Cosa fare con ragazzini in situazioni come questa?
«Bisognerebbe avere coraggio – dice il procuratore Gratteri – da parte degli assistenti sociali e poi da parte del Tribunale dei minori a prendere la decisione più giusta per il bambino. Ragionare solo in funzione della crescita del bambino e se quel bambino sta crescendo con un cultura mafiosa bisognerebbe immediatamente sradicarlo e portarlo a mille chilometri di distanza. 

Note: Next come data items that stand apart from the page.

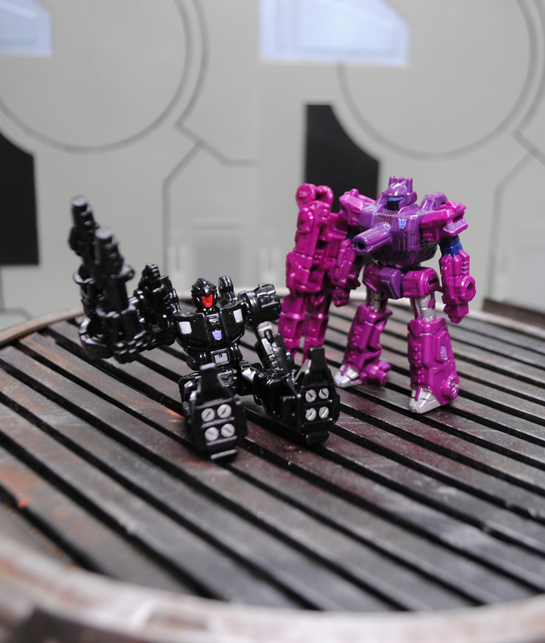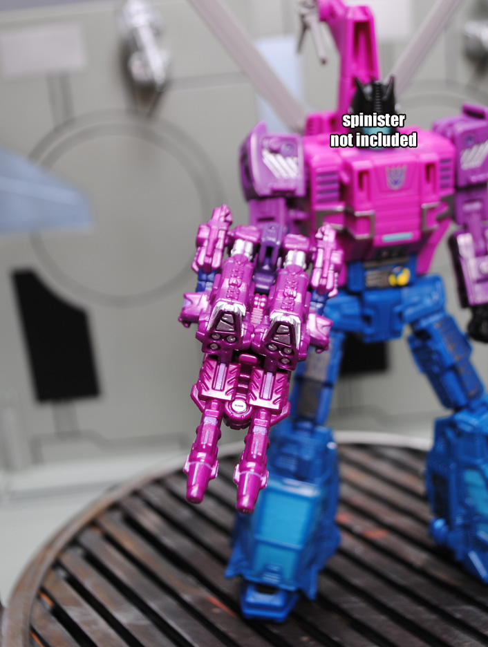 Some kinds of plastics are extremely resistant to paint no matter what you do. These are usually toughened waxy plastics/superhard plastics like polyoxymethylene that make up parts of a figure that could easily be stressed if made from the usual pvc or abs. The limbs of the Transformers Siege Battle Masters are made of this stuff and you need to color them, so what do you do? It's RIT DyeMore for synthetics to the rescue! Mix half the bottle of dye with a cup or so of water, boil the liquid on med to high heat just so you get a gentle rolling boil and drop your parts in. I like to suspend mine in a strainer so I can 'lift and look' to check the color. In under a minute the pieces will start to be dyed with a color that won't rub off! The longer you soak them the deeper the color. Here I created Spinister's Targematers Hairsplitter and Singe using the DyeMore Pink, violet and Graphite dyes. They were then primered with Bulldog Adhesion promoter, painted using Testors lacquers, and sealed with Mr Hobby premium spray sealer. Seeing as how these two are impossible to find outside of the $200+ set, why not make your own? Want to own one of my customs like this one? Head on over to my *Ebay Auctions* this week to see what's available.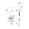 Модель разработана для скрытого монтажа: все технические элементы надежно спрятаны в стене, благодаря чему устройство выглядит максимально лаконично и эстетично. На виду остаются только аккуратный рычаг регулировки температуры, эргономичная душевая лейка с нажимным механизмом и компактный держатель.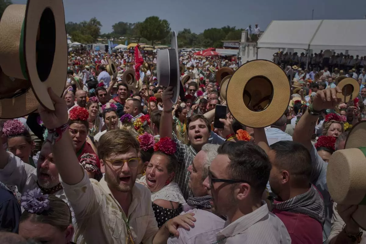 Pilgrims from the Triana brotherhood react as they arrive at the shrine of El Rocio near Aznalcazar, Spain, on June 7, 2025, during the annual pilgrimage in which hundreds of thousands of devotees of the Virgin del Rocio converge in and around the shrine. (AP Photo/Emilio Morenatti)

«Voglio fare il padre davvero»

Emanuele Mancuso vuole fare il padre. Esserci per sua figlia, non per una gita al parco una volta alla settimana ma quando ce n’è veramente bisogno, quando la bambina ha bisogno di lui, di essere consolata, di addormentarsi la notta, di sentirsi protetta, di trovare una valvola di sfogo. Lui che ha cambiato radicalmente vita per amor suo, che testimonia contro le cosche ogni volta che viene convocato, che ha fatto condannare i suoi stessi parenti, e ha dovuto puntare il dito contro sua madre, oggi dice: «Io il padre non l’ho mai fatto». Perché la bambina, pur inserita in un programma di protezione, vive con la madre,  Nensy Vera Chimirri, che di rinnegare la cultura mafiosa non ne ha mai voluto sapere. I due ex sono diventati due pianeti differenti: lei legata alle radici (tanto da essere stata tolta dal programma di protezione) e lui ormai lontano anni luce dall’essere il rampollo dei Mancuso. Un legame durato 10 anni che si è dissolto con la decisione di Emanuele Mancuso di collaborare. Da che parte sta oggi Nensy Chimirri? Lei dice, attraverso gli atti giudiziari, di essersi allontanata dagli ambienti criminali, il Tribunale per i minori di Roma dice il contrario. Cambierà mai questa prospettiva?
Il sostituto procuratore della Dda di Catanzaro, Annamaria Frustaci, ritiene che i figli dovrebbero «seguire il genitore che ha scelto il percorso virtuoso».

Il paradosso

L’avvocato Antonia Nicolini spiega il paradosso della situazione attuale in cui il Tribunale dei minorenni di Roma attraverso il quale si sospende la responsabilità genitoriale della Chimirri ma nella sostanza non la allontana. È in casa famiglia con la bambina. Emanuele e Nensy non sono una coppia in crisi come tutte le altre ma questo i giudici sembra non vogliano percepirlo.I primi di settembre la bambina ha dormito per la prima volta col papà ed Emanuele Mancuso è stato contattato da un profilo falso che lo ha invitato a tornare a Nicotera e sui suoi passi.«Torna sui tuoi passi», gli dice l’anonimo. Tutto è stato consegnato all’autorità giudiziaria. Le indagini su questa vicenda stanno raccogliendo fascicoli su fascicoli. Dai contatti anonimi a quelli dei parenti che invece senza reticenze minacciano Mancuso. Fino ai filmati della figlia con un coltellaccio in mano e con qualche livido di troppo sulle gambine. Emanuele Mancuso vuole fare il padre davvero, denuncia tutto quello che vede e che sente. Il contatto con l’avvocato Nicolini è stretto e quotidiano. Si chiama Mancuso e lotta per mantenere fede alla sua scelta.
«L’Ufficio Protezione – dice il procuratore Gratteri – è sempre stato sproporzionato rispetto alla realtà, rispetto ai bisogni: pochissimo personale sia a livello centrale, sia a livello periferico». E sul ruolo dei funzionari: «Bisogna essere portati, bisogna essere soprattutto psicologi per capire se una persona sta scoppiando se sta per lasciare il programma di protezione, per capire qual è il suo disagio».
Non dare risposte ai collaboratori in difficoltà, dice Gratteri, è fare il gioco della mafia.